鈴木氏自身が事業会社に所属していた際、広告のコンバージョンは上がったのに、社長から「売上が上がっていない、利益はどうなのか」と問われた経験があるそうです。
「現場がいかにビジネス課題の本質を理解し、経営と同じ目線で動けるかが重要です。また、“完璧にデータをそろえないとスタートできない” という思い込みも、活用のスピードを遅らせる要因になっています」 (鈴木氏)
この壁を乗り越えた成功事例として、武石氏は「3COINS」などを展開する株式会社パルの事例を紹介。パルでは 「OMO 戦略」を掲げ、EC だけでなく店舗への計測や SNS の影響までを横断的に可視化しています。マーケティング組織だけでなく、店舗の現場の方々まで含めた全社的な活動として展開しているのが成功のポイントだと解説します。

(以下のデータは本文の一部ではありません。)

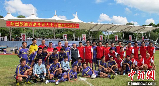 9月14日,香港各界中秋探访团到昂船洲军营慰问解放军驻港部队,驻军足球队与香港演艺界明星足球队踢了一场友谊赛。中新社发 赵建华 摄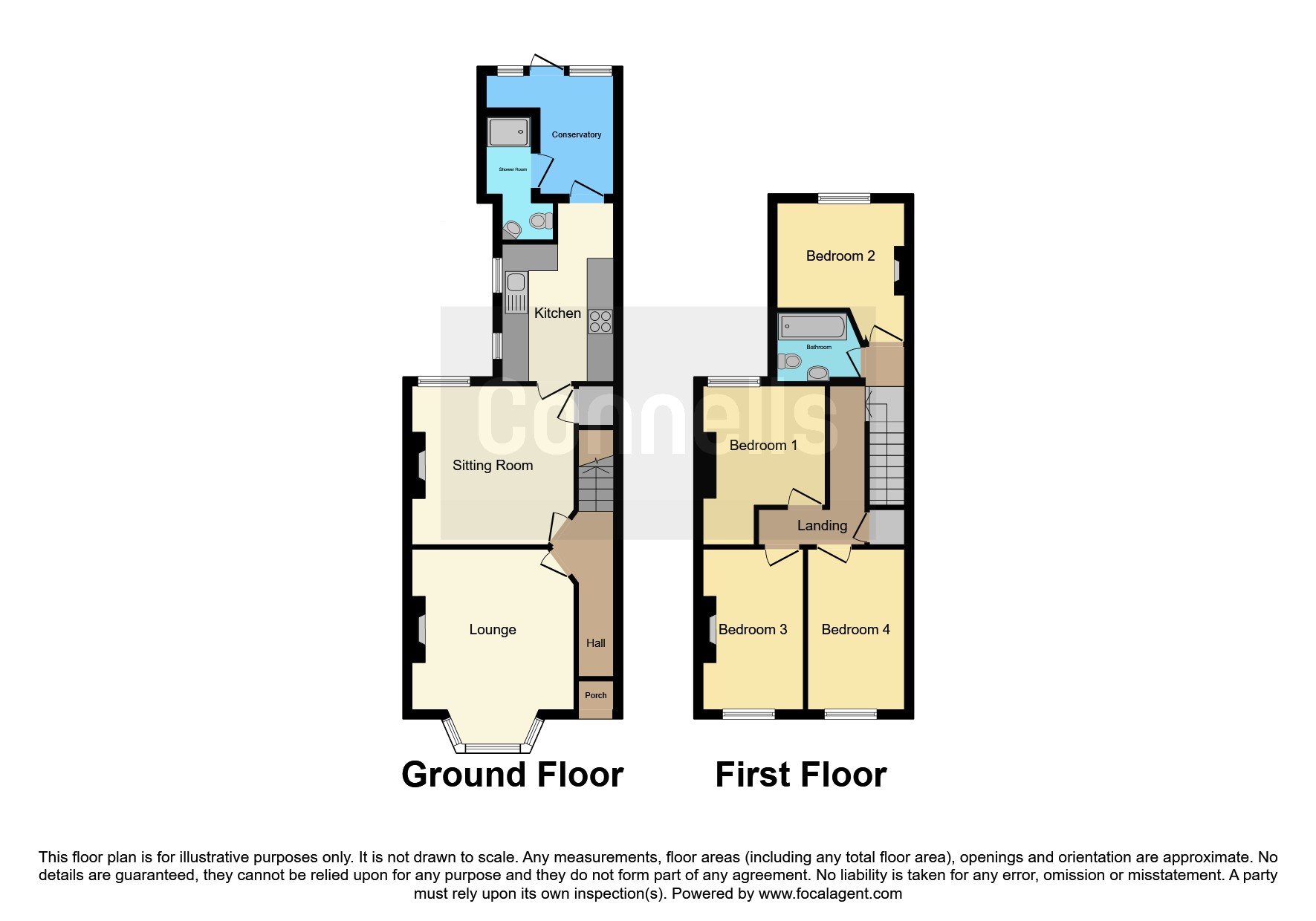The property is spread over two floors with a bay fronted bedroom, living room, kitchen, shower room and conservatory to the ground floor. There are four bedrooms and a main bathroom to the first floor.

CPA の数値だけでの勝負は限界を迎えています。ビジネス課題に対し、いかに自社独自のデータを使いこなし、コンテクストを読み解いて価値を出すのか。AI の学習能力が高い今だからこそ、その手前のデータの扱いが問われています。
武石氏、鈴木氏の根底にあるのは「データは数字の羅列ではなく、ユーザーの行動の背景を読み解くためのカギ」という発想です。ファーストパーティ データからコンテクストを読み取ることが、顧客理解を深め、組織の壁を超えて事業成長へとつながるカギの一つとなるはずです。
総括
プレイド武石氏・鈴木氏の話は、「AI がもはやビジネスのインフラに進化している」という、一つの事実を物語っています。事実、AI を使いこなしている企業は、競合を圧倒し始めており、AI を使いこなしている業界はかつてないスピードで変革が起きています。
こうした時代において、マーケティング活動のスコープは、メディアの運用にとどまるのではなく、ビジネス成果に貢献することまでを見据えることが重要です。その第一歩となるのが、データ計測だと考えています。
AI にはデータが欠かせないものであり、中でもファーストパーティ データは非常に価値のあるものです。
Google としても、「データの充実化」というソリューションを提供し、Google タグ ゲートウェイ をはじめとしたファーストパーティ データの計測や蓄積をより精緻に行っていただけることを目指しています。